[WHAT TO DO] The output should match, line for line, the records from the line containing "Watercolor Woodland Animals" through the line containing "Nada de campo", with every picture left out.

[INPUT MATERIAL]

++++++++

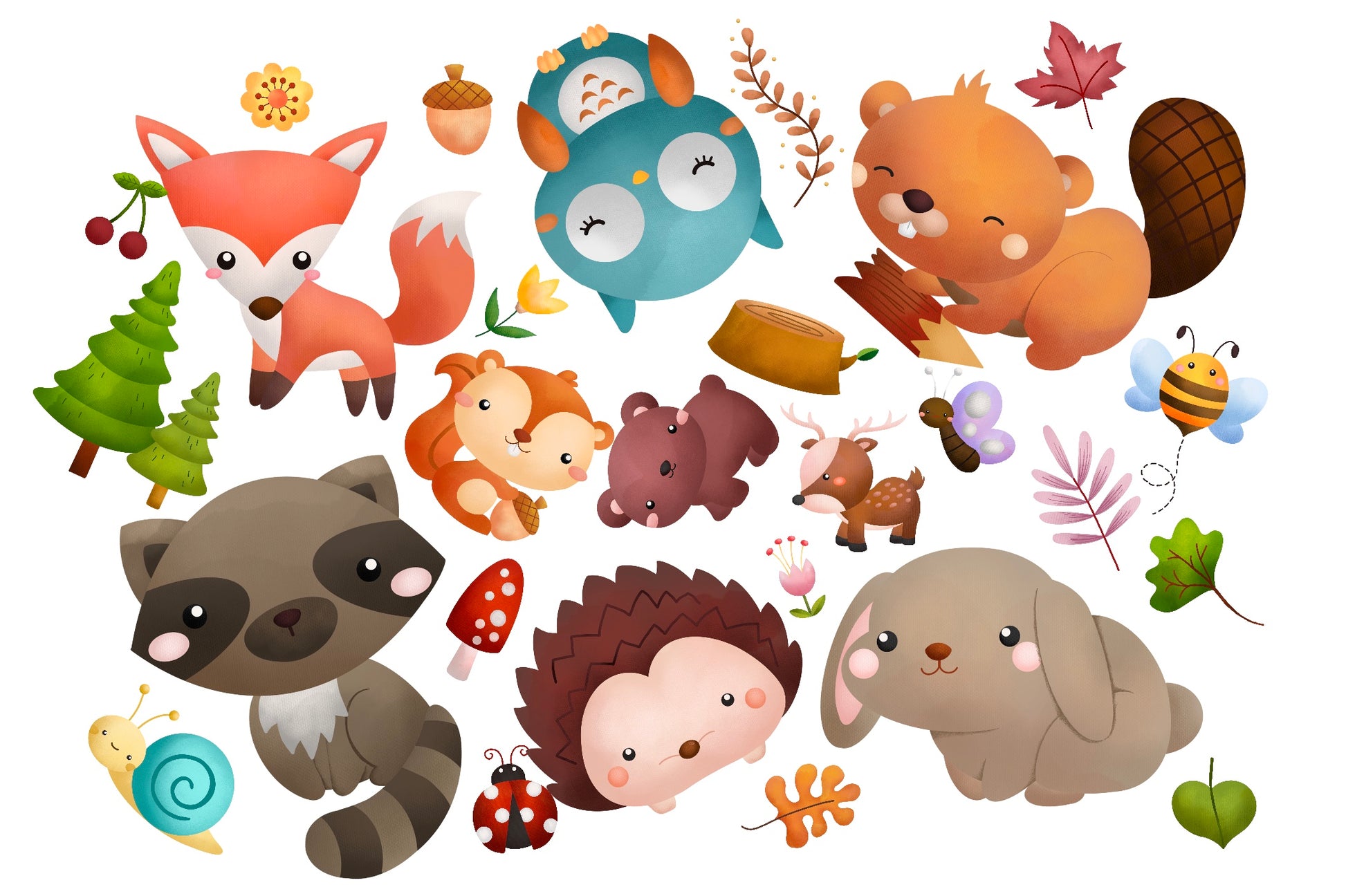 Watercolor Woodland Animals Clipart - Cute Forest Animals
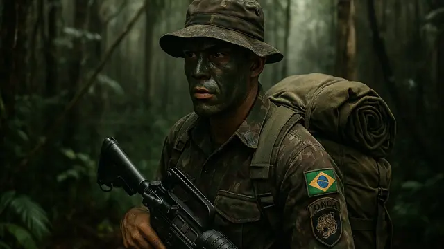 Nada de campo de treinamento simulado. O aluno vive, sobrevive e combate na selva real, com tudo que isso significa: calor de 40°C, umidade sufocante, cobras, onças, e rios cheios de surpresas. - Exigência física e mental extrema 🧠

++++++++

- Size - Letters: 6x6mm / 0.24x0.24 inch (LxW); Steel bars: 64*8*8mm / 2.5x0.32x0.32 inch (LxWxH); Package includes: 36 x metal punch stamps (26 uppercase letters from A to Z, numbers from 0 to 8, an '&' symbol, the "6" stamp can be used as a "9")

++++++++

[EXPECTED ANSWER]
 Watercolor Woodland Animals Clipart - Cute Forest Animals
 Nada de campo de treinamento simulado. O aluno vive, sobrevive e combate na selva real, com tudo que isso significa: calor de 40°C, umidade sufocante, cobras, onças, e rios cheios de surpresas. - Exigência física e mental extrema 🧠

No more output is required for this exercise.